Corporate (Comedy Central)-“The Fall”-The popular black comedy closes out a second
season without showing any discernible changes from the first and that’s
mostly a good thing. Other black comedies like “It’s Always Sunny in Philadelphia”
and “Shameless” have introduced serialization, but this show has a much simpler
formula and there’s nothing necessarily wrong with that when it gets the job
done. There’s also the fact that the thematic point of the show is that work is
an endless purgatory so while mixing things up would be nice, it’s slightly truer to the show to
keep Matt and Jake constant.
This week’s episode, being a season finale, had me going for
a while. The episode begins with Christian scaring his employees with an
apocalyptic announcement just for kicks (another standard of the show: Christian is one of the most casually horrible people on TV). In the hierarchy of being able to do
what you want, Christian has almost sadistic reign with John and Kate enjoying
some partial degree of hell-raising privilege. One of the clever things about
this show is that although Matt and Jake
are middle management, you rarely see them enjoying the perks of being able to
domineer anyone under them (despite the fact that people like Baron and Grace
exist). In certain cases where you do see them with an underling, Matt and Jake
are often unsuccessful in controlling them.
In any case, the next development in the story is slightly
confusing: It’s not exactly the end of the world but Christian decides to begin
a marketing campaign which, for extremely tangential reasons, cause Matt, Jake,
and Grace to act as if it is the end of the world. At this scale of comedy, it's not worth worrying about.

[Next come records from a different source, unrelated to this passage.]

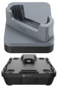 Akcesorium umożliwia jednoczesne ładowanie urządzenia oraz komunikację przewodową Ethernet, dzięki czemu terminal może synchronizować dane lub być zarządzany w sieci firmowej podczas ładowania.
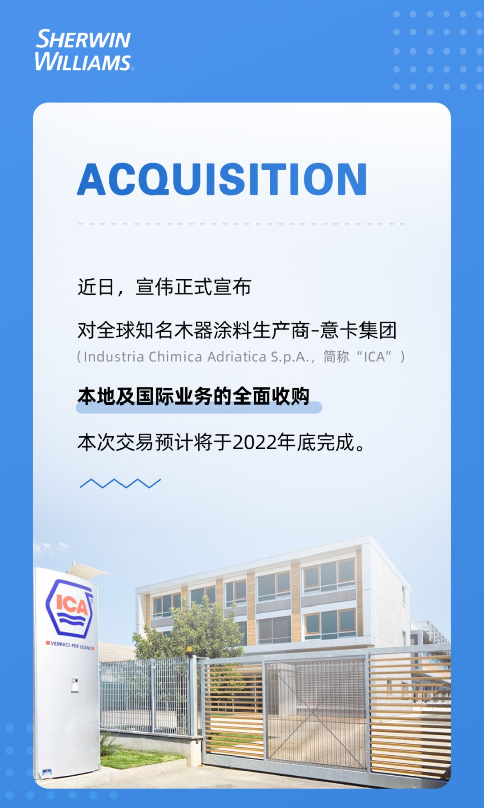 收購(gòu)|宣偉宣布收購(gòu)意大利木器涂料公司ICA
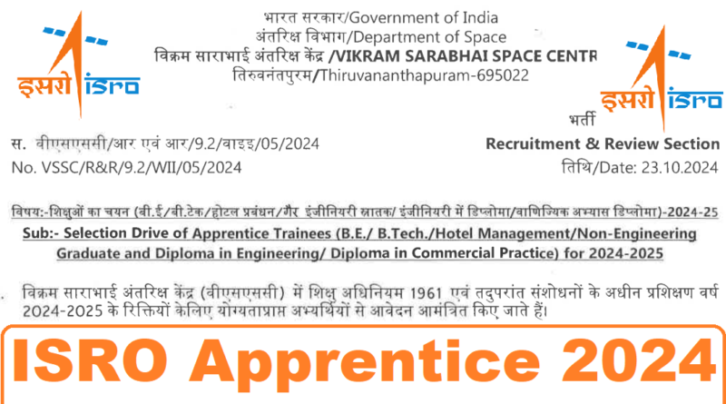 ISRO Apprentice Recruitment 2024-25: ISRO VSSC invites applications for the posts of Apprentice. ISRO VSSC Apprentice Recruitment 2024 for Diploma, BE, B.Tech, etc candidates. ISRO Apprentice 2024 selection through Campus Drive. ISRO VSSC Apprentice 2024 Campus Drive on 28-10-2024. ISRO VSSC Apprentice 2024 Campus Drive at VSSC Guest House, ATF Area, Veli, Near Veli Church, Thiruvananthpuram, Kerala. Candidates who have acquired Degree /Diploma before April 2020 those appearing for final year exam, result awating candidates or candidates pursing ME,MTech are not eligible to apply.
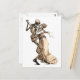 cet art vintage dépeint un squelette avec des chaussures en robe dansant avec une femme blonde aux cheveux tressés longs portant une robe à l'ancienne et une couronne.
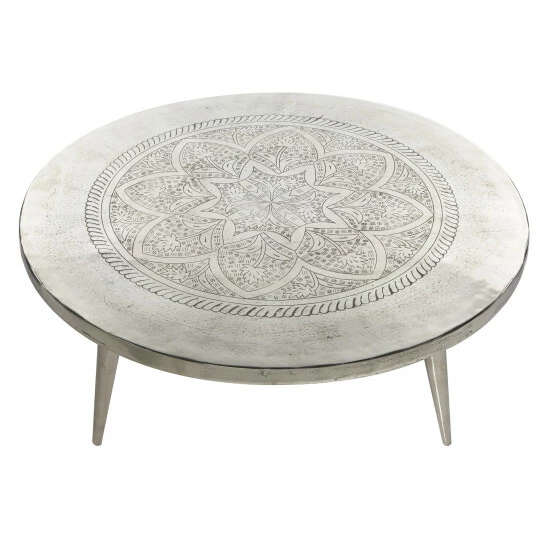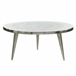 This traditional style inspired silver aluminum round coffee table features a large elaborate flower design on the surface with a round design and 4 round legs. Useful and elegant, coffee tables are more than just a pretty piece of furniture in front of your couch. Sit back, relax, but don’t put your feet up on this coffee table. This item comes shipped in one carton. Suitable for indoor use only. Made in India. Traditional theme. Maximum weight limit is 100 lbs
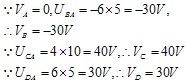 【例】如圖所示電路,以B點為參考點,求各點的電位;再以A點為參考點,求各點的電位。
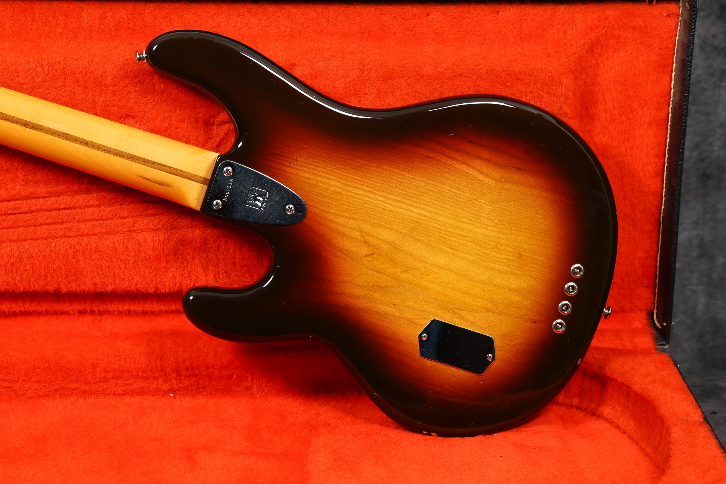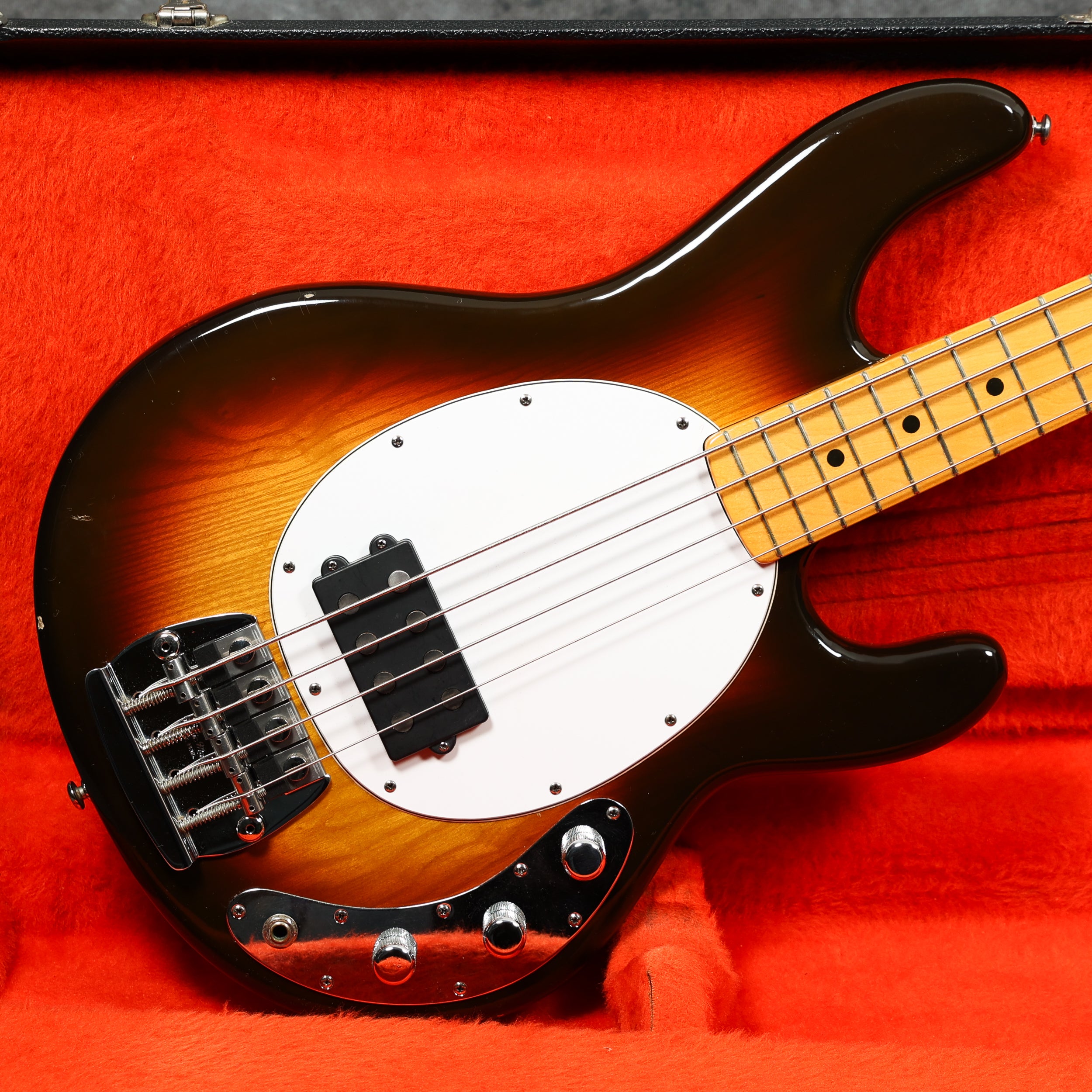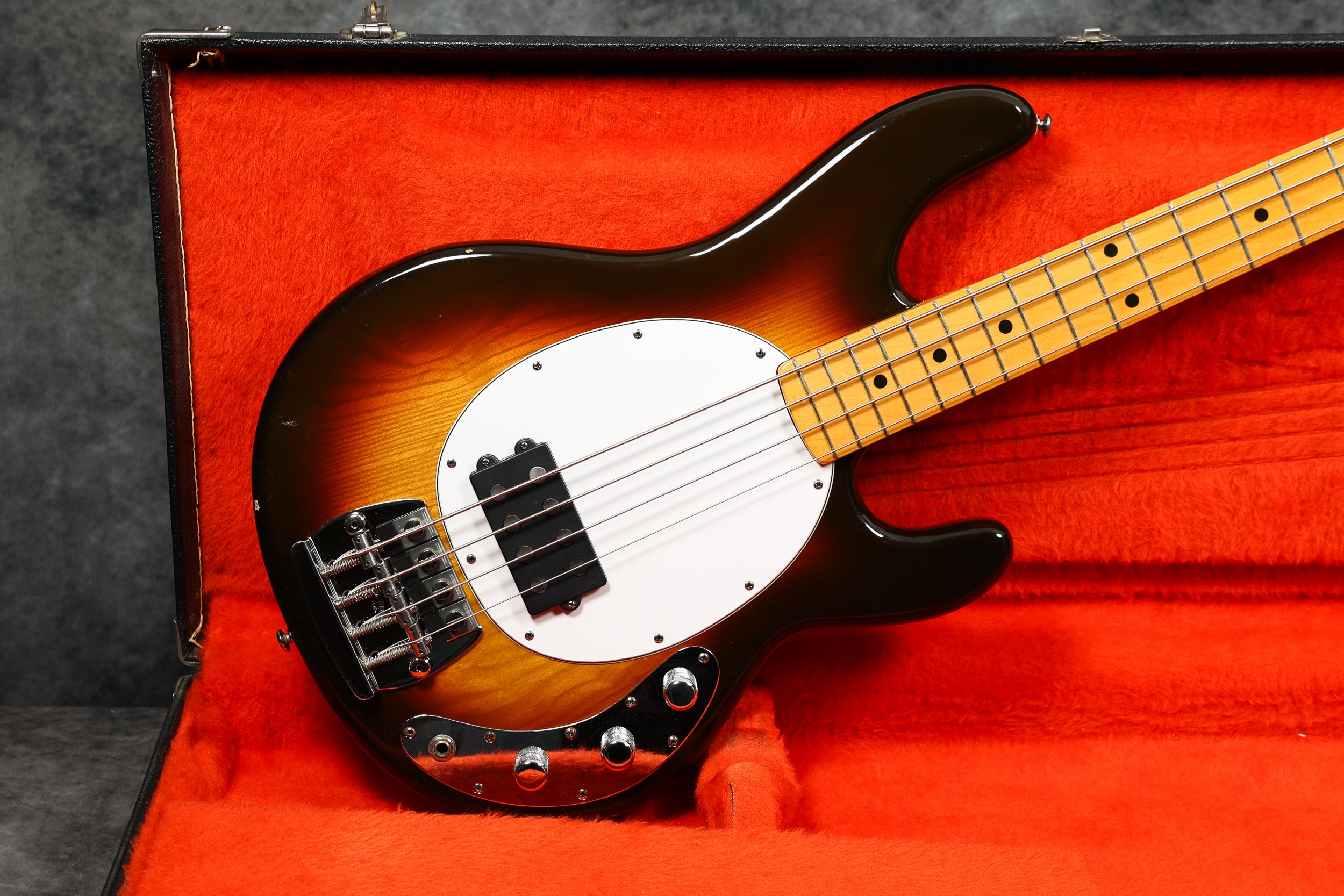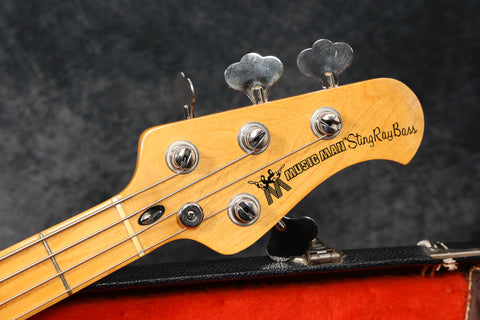 1977 Music Man Stingray in excellent condition. Sunburst finish, black pickguard, maple neck & fretboard. Equipped with a 2-band EQ, epoxy-coated preamp, long pole piece pickups and through-body stringing. Aside from the new mute sponge, it's all original, including the hard case.
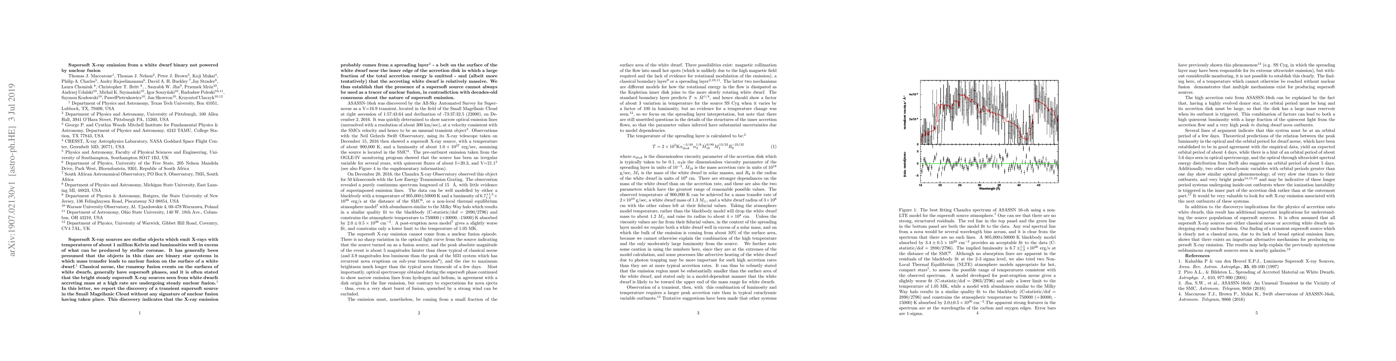 This paper reports the discovery of a transient supersoft X-ray source in a white dwarf binary that does not exhibit nuclear fusion, suggesting that its X-ray emission originates from a "spreading layer" on the white dwarf's surface. This finding challenges the long-held belief that supersoft X-ray sources are always powered by nuclear fusion.
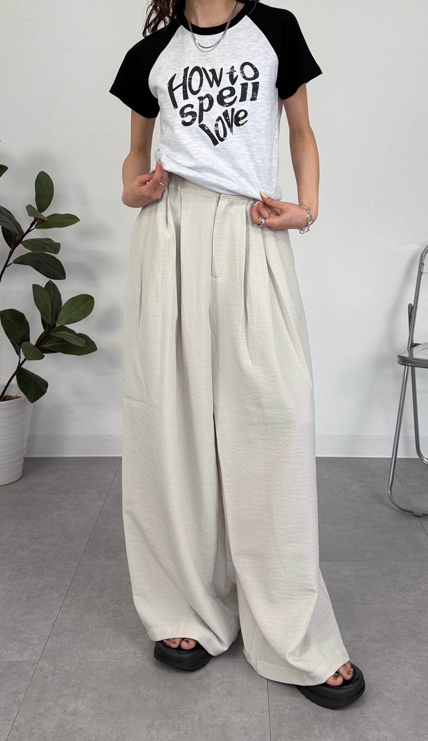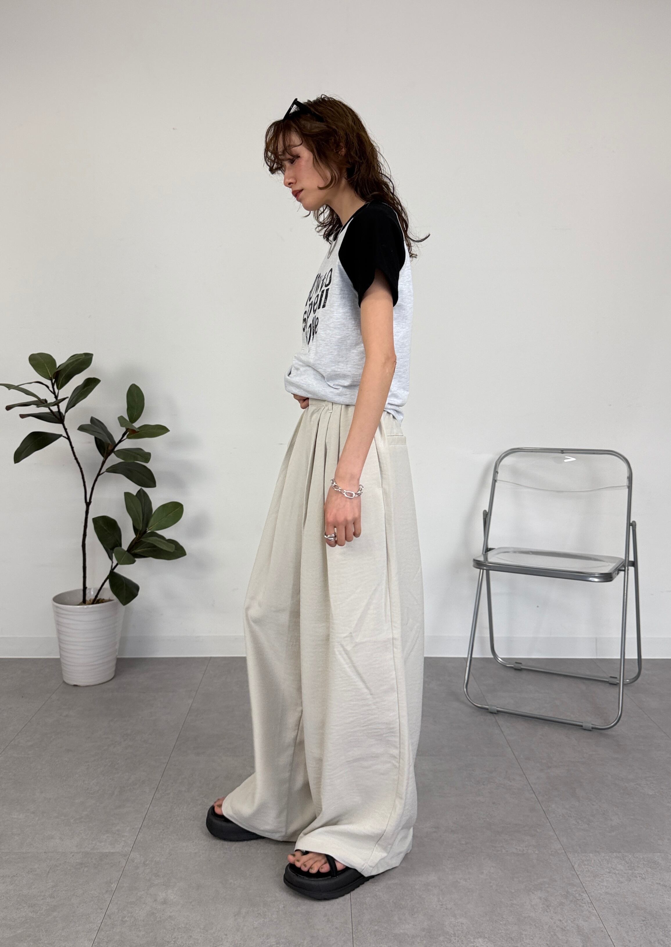 リネンライクな素材感が印象的なワイドパンツ。こなれた大人のリラックスコーデが完成し、シンプルなTシャツやタンクトップをインすることで、パンツのボリューム感を引き立てられます。カジュアルながらも洗練されたスタイルを楽しめる一枚です◎
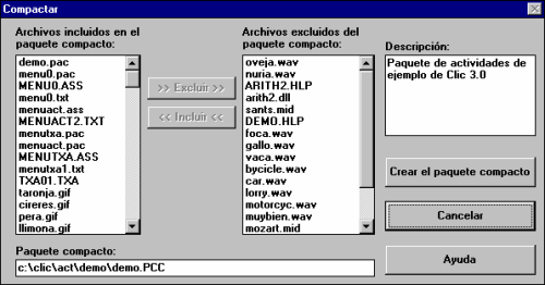 - En la pantalla que aparece a continuación se muestra a la izquierda la lista de todos los archivos que pasarán a formar parte del paquete compacto, y a la derecha la de los que quedarán excluidos (archivos WAV, MID, AVI, DLL...):
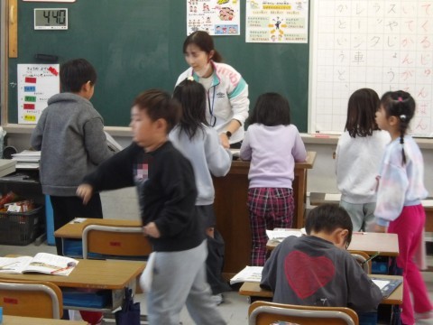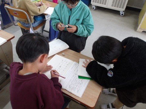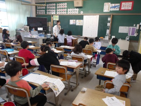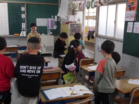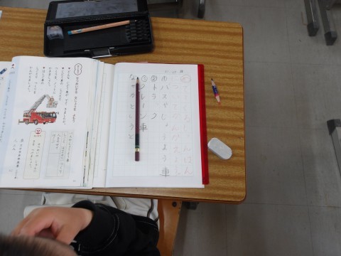 国語「じどう車しらべ」では,教科書に登場するじどう車の順番について考えます。マイタイムで,一緒に考える人を決めて,自分たちで取り組みます。
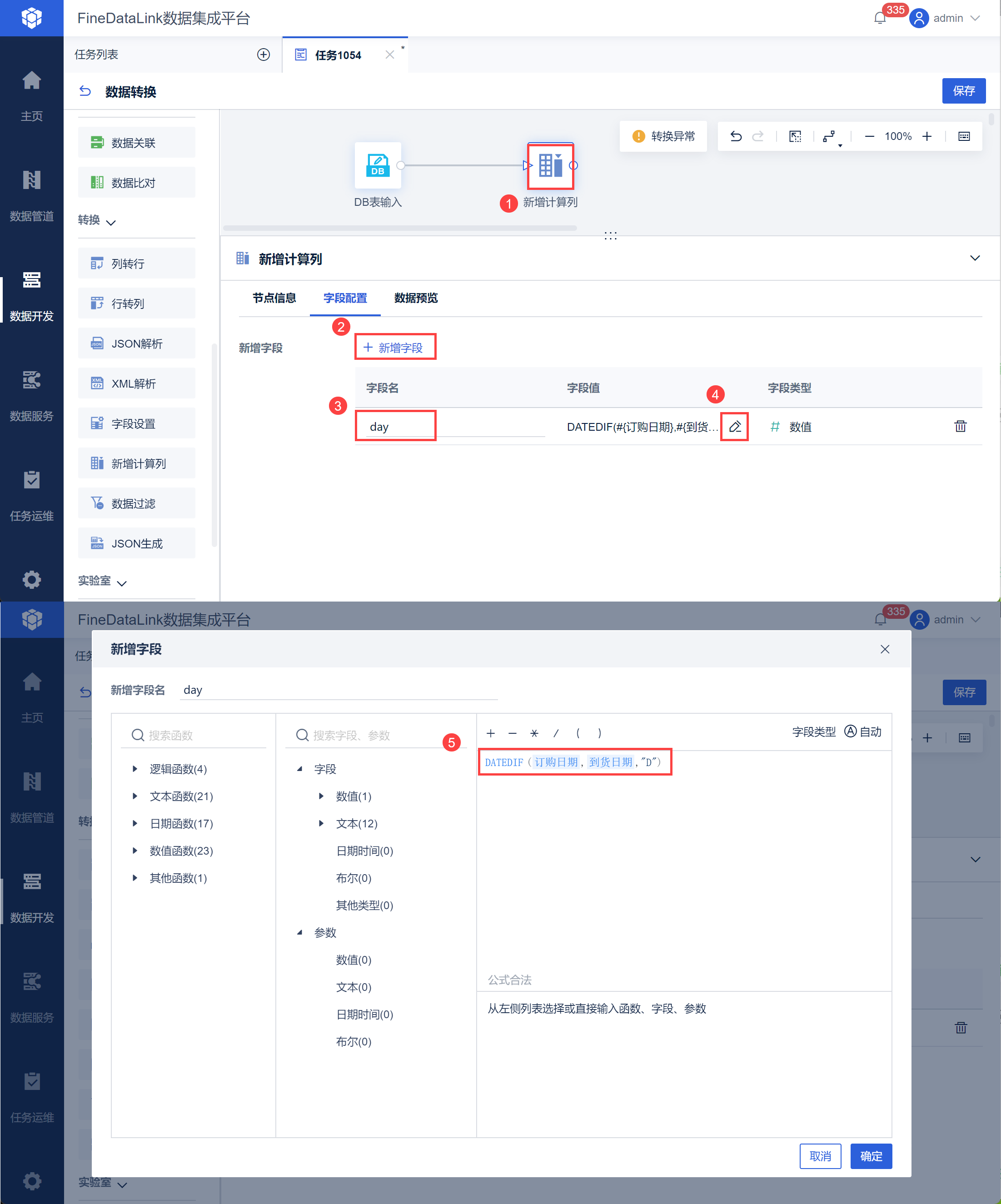 想要计算两个日期字段之间的间隔天数,例如「到货日期」和「订购日期」之间的间隔天数,新增一个字段,用 DATE 函数计算两者的天数,公式为:DATEDIF(订购日期,到货日期,"D"),如下图所示:

Jake quits his job and tries to do every Bohemian yuppie idea that
fills his head—open up a record company, start a bar with carefully curated
music, become a chef—before realizing that there’s a group of roughly identical
yuppies with the exact same ideas in their head. The joke of Jake’s lack of
originality is a great example of how comedy can be presented visually with a
little bit of innovative thinking.
In the interim, Matt seems to have an inverse trajectory to
Jake’s unemployment slump riding a magical high. This is another case where presentation- an affirming montage of Matt ascending up the corporate ladder and seeming to enjoy himself for once- makes the difference.
But the scene stealer as always as Grace who has a list of
creepily specific people she wants to sleep with because it’s
“the end of the world”(which, again, it isn’t). Technicalities aside, it’s a lot of
fun to witness this character, who’s generally been portrayed as asexual, suddenly become the South Asian Wilt Chamberlain.
The disadvantage of an upcoming third season is the lack of room to take many of these characters anywhere else. But as "Seinfeld" and most sitcoms in the 20th century have demonstrated, the status quo can work wonders if the comedic beats are strong enough.